5 Things to Know About ELSS Funds Before Investing

ELSS or Equity Linked Savings Fund invests in the stock market. It comes with a lock-in period of 3 years which is the shortest among all tax saving options. Fund managers usually pick securities of companies that have promising growth potential. You can enjoy tax benefits and higher return potential as well. This combination can lead to good post-tax returns.

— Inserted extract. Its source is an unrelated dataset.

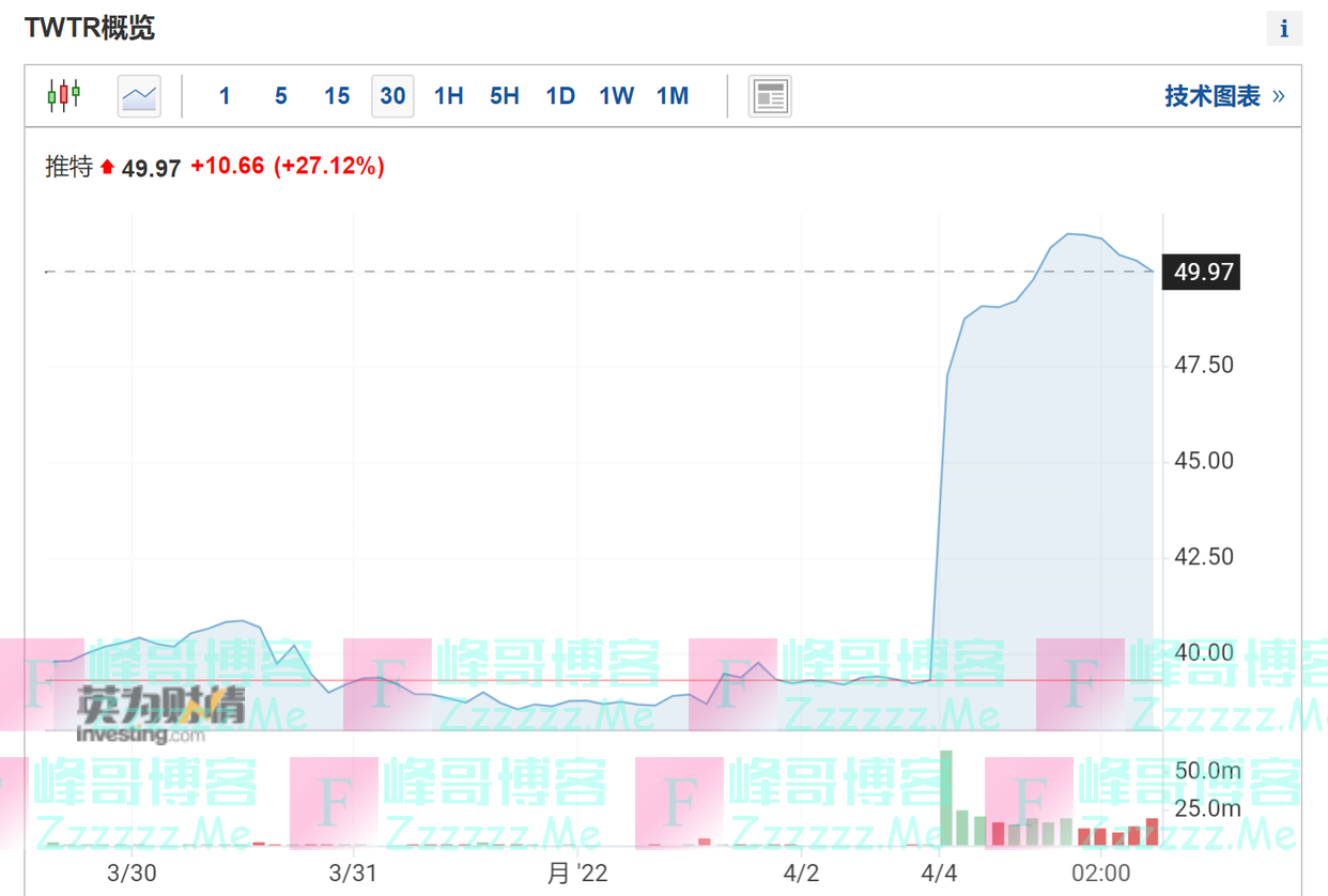 周一的拉升之后,推特市值由315亿美元飙升至400亿美元,一夜飙涨85亿美元。

Given these benefits and figures, ELSS happens to be the most efficient way to grow wealth. But it is important to know a few things before investing. Have a look.

1. Tax Implications

You can claim a tax rebate by investing in ELSS. The deduction is up to ₹1.5 lakhs under the Section 80C of Income Tax Act, 1961. This can help you save up to ₹46, 800 annually. ELSS tax benefit can be claimed when you file the returns for a given year. However, your income will be taxable at 10% if the long-term capital gain is worth ₹1 lakh, as per the Union Budget 2020.

2. Equity Market Exposure

ELSS could be your entry point to the world of stock markets. You can start with an SIP with as little as ₹500. Investors do not have to wait for the right market timing. You can also benefit from a diversified portfolio that is managed by a professional. Enjoy the growth potential of equity stocks if you can park your funds for 3 years without hassle.

3. Stay Invested  

The ELSS comes with short lock-in tenure. But it is a good idea not to withdraw early; especially if the funds are performing well. Mutual funds of India have always done better when held for a longer period, preferably 7-10 years. Therefore, extend the period as much as possible. This can help you build corpus to fulfil big goals and aspirations.

4. Moderately Risky

ELSS might not be suitable for risk-averse or budding investors. This is because it is likely to see fluctuations in NAV. But if you have a moderately high-risk appetite and are seeking capital appreciation, ELSS could be useful. You have to stay invested for a longer timeline. It can keep you protected against volatility which the funds might face in short term.

5. Investment through SIP

This is the ideal way to invest for beginners and pro-investors. Regular investment through small amounts in equities can bring about better compounding advantages. In fact, you can buy more stocks due to the rupee cost advantage. It can also help develop financial discipline for both salaried and self-employed individuals. Good savings and investment habits will allow you to weather all periods of crises. All mutual funds are subjected to market risks. Similarly, ELSS also comes with its share of risks. Therefore, it is always recommended to read the terms and conditions beforehand. Also important is to compare fund performance with its benchmark and competitors to look for consistency. Consider taking a look at the history of the financial company and the fund manager.